EU membership for Ukraine, like NATO membership, would present a tremendous obstacle to the cozy relationship Obama and his ineptocrats sought with Putin and his kleptocrats. The Daily Beast noted that it seemed to Obama’s advantage to not nudge Ukraine to make the reforms that would have brought it closer ties to the West:


President Barack Obama met today with Ukraine’s new President, Viktor Yanukovych, who’s in Washington for the Nuclear Security Summit. In theory, this should have been a disaster: over the years the United States has devoted a lot of time and diplomatic capital to keeping the pro-Russian Yanukovych out of power… This doesn’t seem like a natural friend for Obama.

And yet all of this suits the American president quite well. For Obama, Yanukovych’s move back to Russia’s orbit makes life much easier. NATO membership for Ukraine was a major irritant in Washington-Moscow relations for years. Now, Obama has made a point of “resetting” relations with Moscow, and to do that he needs to remove as many spanners from the diplomatic works as possible. One such obstacle was overcome last week when Russian President Dmitry Medvedev sat down with Obama in Prague Castle to sign a new nuclear arms-reduction treaty, in an atmosphere as constructive and friendly as there has been between the two countries’ leaders in a decade.

But there are other examples of hurdle-clearing, too: Washington scrapped plans to station antiballistic-missile interceptors in Poland and the Czech Republic; instead, it will station them in Southern Europe, where they won’t interfere with Russia’s nuclear capabilities. The most important, though, is Obama’s very clear signal that he won’t push to include former Soviet republics like Ukraine and Georgia into NATO and a Western embrace, as Bush had done. A cold rapport with Yanukovych will allow Obama to cultivate a warm one with Russia’s Dmitry Medvedev.


The wedge the Russians are using is access to cheap natural gas. Ukraine desperately needs the natural gas and, like the rest of Europe, has economic difficulties. Last month, Russia made an offer, as Don Corleone would say, that they couldn’t refuse:

Russia’s deputy prime minister, Arkady Dvorkovich, told in international conference in the Ukrainian Black Sea city of Yalta that Ukraine may expect a discount only if it joins a Russia-dominated economic alliance. Ukraine has resisted such Russian overtures, fearing that membership in the Moscow-led Customs Union would scuttle its hopes of closer ties with the EU.

For the time being Ukraine has rebuffed what is essentially an ultimatum. History should not make us sanguine about the outcome. Each time Ukraine has entered into a conflict with Russia over natural gas it has emerged a little less independent.

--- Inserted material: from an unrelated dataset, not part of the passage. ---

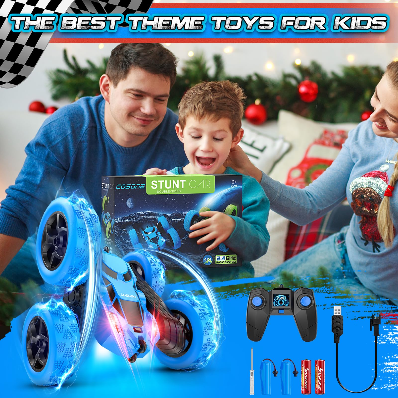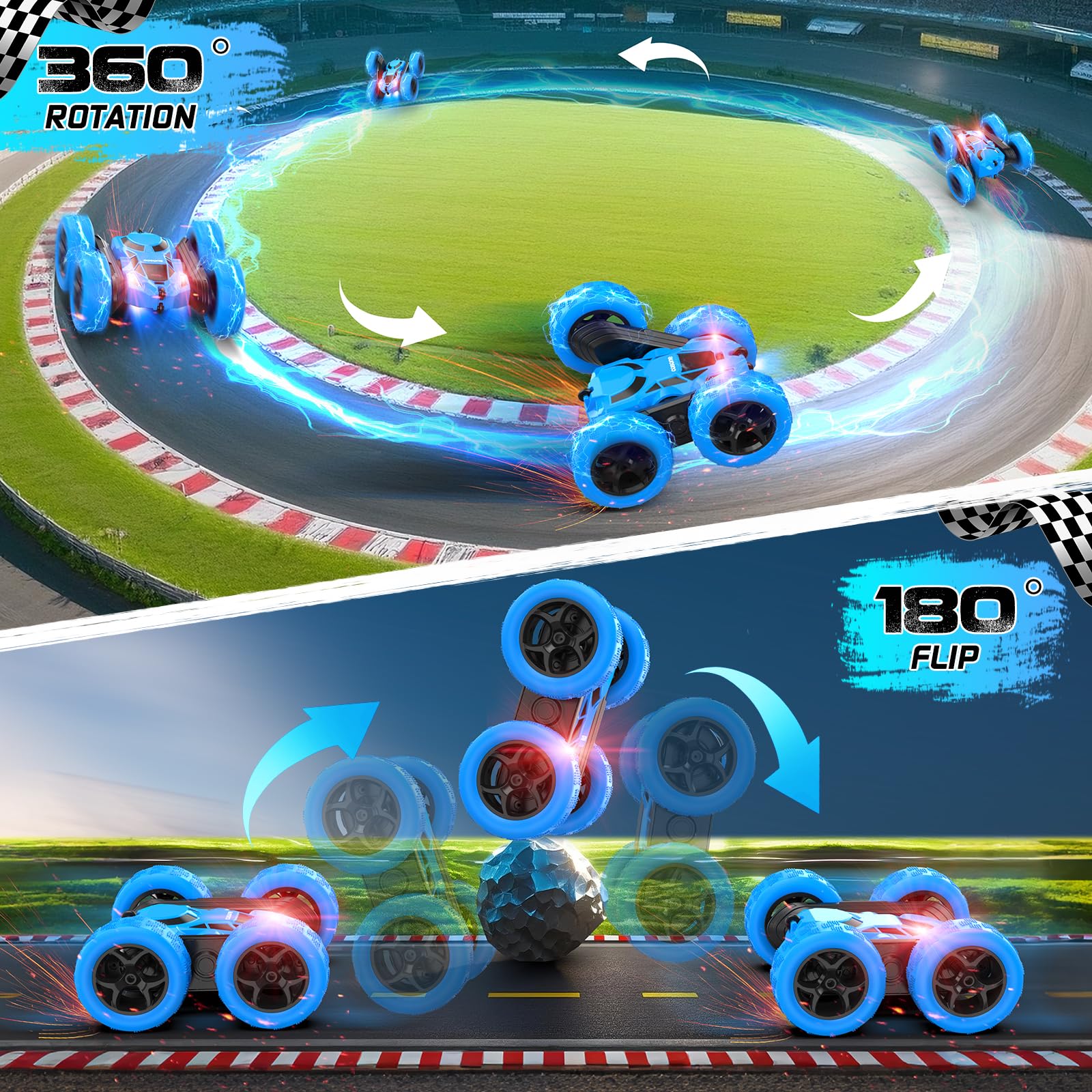 Cosone Remote Control Car, 2.4 GHz RC Cars with headlights, All-wheel Drive Off-road Stunt Car, Double-sided 360° Rotatable Car Toy, Gifts for Kids 6+ Years Old (Blue)

This is the venue in which presidential leadership comes to the fore. Where Ukraine may be playing a very weak hand in its dealings with Russia, with a steadfast United States by its side the prognosis is much better. With the EU brought in, suddenly Russia is the weaker party. Leadership, however, is not something this White House has demonstrated. Neither has it demonstrated itself to have any clear set of policies in dealing with Vladimir Putin other than dropping trou on command.

Sadly, this is a pattern of behavior on the part of this regime. Our friend are nervous because they’ve seen how the rug was pulled out from under the Czech Republic and Poland based on the objectives of a strategic rival. They’ve seen how Hosni Mubarak was thrown under the bus and Egypt turned over the muslim extremists. They’ve watched Qaddafi’s brutal and unnecessary death and the turning over of Libya to muslim extremists. This is foreign policy by press release; a David Copperfield foreign policy where everything is an illusion.


If Mitt Romney is elected next month we may be able to staunch the hemorrhage. If Obama is re-elected it will take generations to bring us back to where we were in 2008.